About this exercise: Although the listing contains pictures, reproduce only its text, exactly as written.

Data provided:
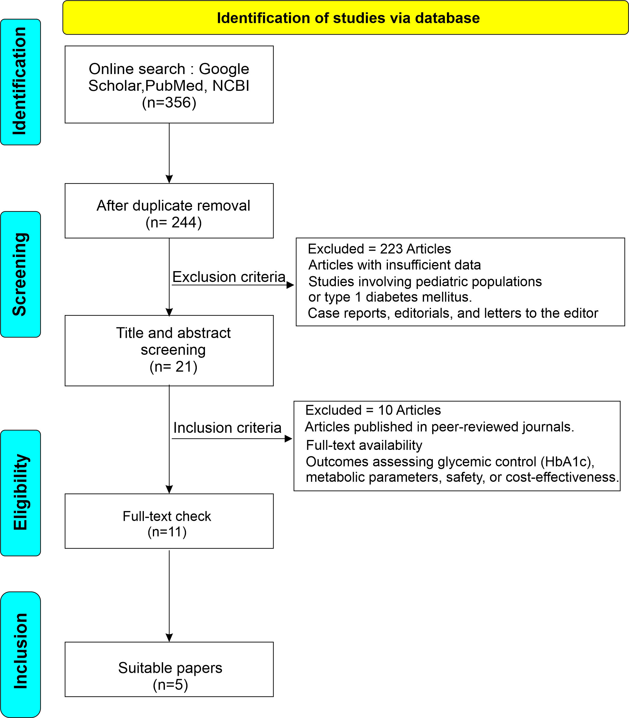 This review used an electronic literature search across PubMed, NCBI, and Google Scholar databases to identify studies comparing metformin, dapagliflozin, and their combination in the management of T2DM. The search was limited to articles published between January 2015 and March 2025 using the keywords “metformin, dapagliflozin, combination therapy, and type 2 diabetes mellitus”. Studies were included if they were published in peer-reviewed journals, assessed outcomes such as glycaemic control (HbA1c), metabolic parameters, safety, or cost-effectiveness, and were available in full text. Exclusion criteria included studies involving paediatric populations or type 1 diabetes mellitus, case reports, editorials, letters to the editor, articles with insufficient data, and duplicate publications. Five studies met all criteria and were included in the qualitative synthesis. The selection process followed PRISMA guidelines and is summarized in the flow diagram (Figure 1).
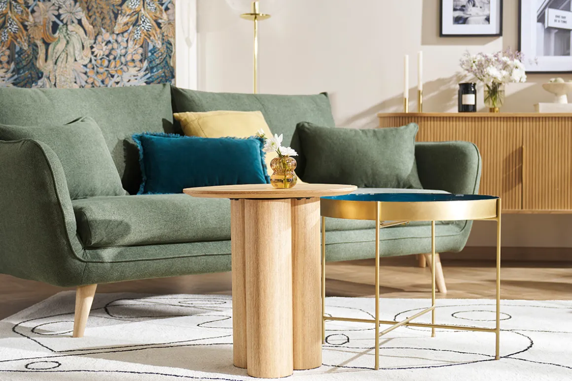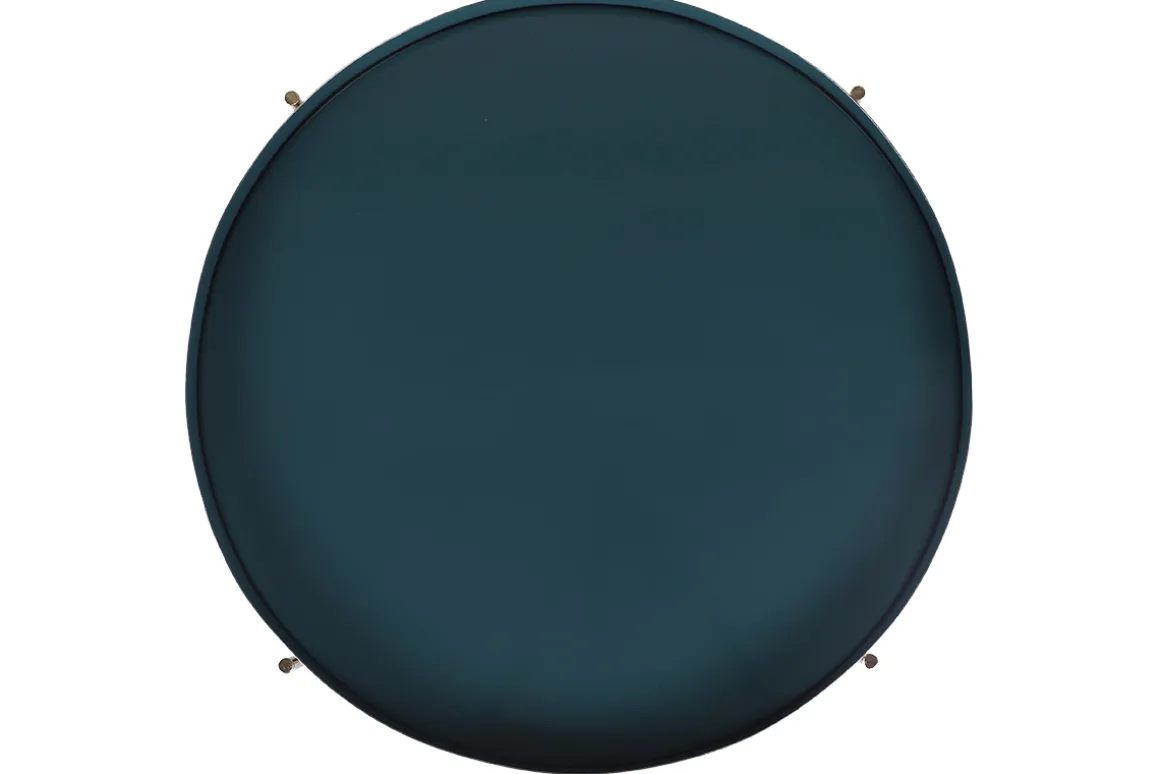 Cette table ronde qui pourra servir autant de table basse que de table d’appoint est équipée d’un plateau laqué brillant couleur bleu canard/blanc et d’une structure en laiton doré. Que l’on opte pour l’esprit raffiné des couleurs sombres ou l’élégance intemporelle du mariage blanc et or, on profite toujours d’une belle surface (51 cm de diamètre) pour accueillir les affaires du salon.
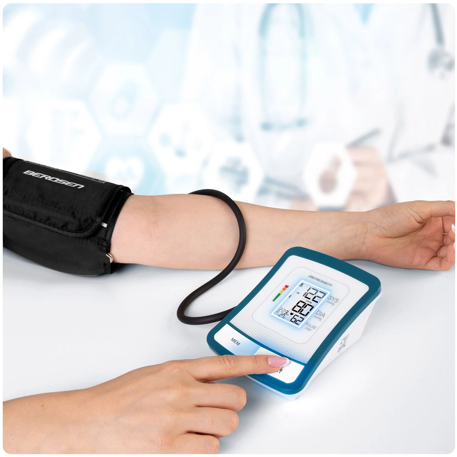 Díky intuitivnímu ovládání a bohaté paměti je Berdsen BD-120 praktickým pomocníkem pro pravidelné domácí monitorování krevního tlaku a pulsu.
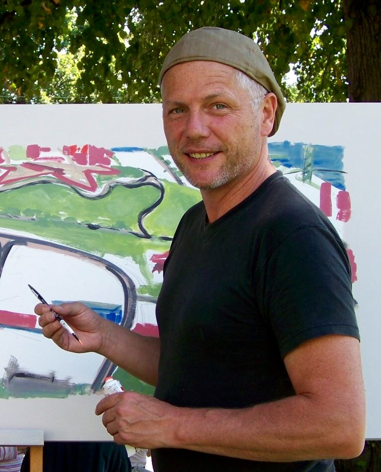 I make art to pay the rent, entertain the audience, and to leave behind a visual legacy. Sometimes my paintings work, sometimes they don’t. An artist never gives up the search for beauty. The way a painted dark purple shadow can bring a building alive. The way one small unplanned mark can change everything. Painting is about filtering out all the bad marks and color areas and leaving behind the good stuff. Painting is visual editing, polishing something up but also leaving behind raw energy to keep the fire burning. It’s fun when it’s working, it’s a battle when it’s not.

Task solution:
 This review used an electronic literature search across PubMed, NCBI, and Google Scholar databases to identify studies comparing metformin, dapagliflozin, and their combination in the management of T2DM. The search was limited to articles published between January 2015 and March 2025 using the keywords “metformin, dapagliflozin, combination therapy, and type 2 diabetes mellitus”. Studies were included if they were published in peer-reviewed journals, assessed outcomes such as glycaemic control (HbA1c), metabolic parameters, safety, or cost-effectiveness, and were available in full text. Exclusion criteria included studies involving paediatric populations or type 1 diabetes mellitus, case reports, editorials, letters to the editor, articles with insufficient data, and duplicate publications. Five studies met all criteria and were included in the qualitative synthesis. The selection process followed PRISMA guidelines and is summarized in the flow diagram (Figure 1).
 Cette table ronde qui pourra servir autant de table basse que de table d’appoint est équipée d’un plateau laqué brillant couleur bleu canard/blanc et d’une structure en laiton doré. Que l’on opte pour l’esprit raffiné des couleurs sombres ou l’élégance intemporelle du mariage blanc et or, on profite toujours d’une belle surface (51 cm de diamètre) pour accueillir les affaires du salon.
 Díky intuitivnímu ovládání a bohaté paměti je Berdsen BD-120 praktickým pomocníkem pro pravidelné domácí monitorování krevního tlaku a pulsu.
 I make art to pay the rent, entertain the audience, and to leave behind a visual legacy. Sometimes my paintings work, sometimes they don’t. An artist never gives up the search for beauty. The way a painted dark purple shadow can bring a building alive. The way one small unplanned mark can change everything. Painting is about filtering out all the bad marks and color areas and leaving behind the good stuff. Painting is visual editing, polishing something up but also leaving behind raw energy to keep the fire burning. It’s fun when it’s working, it’s a battle when it’s not.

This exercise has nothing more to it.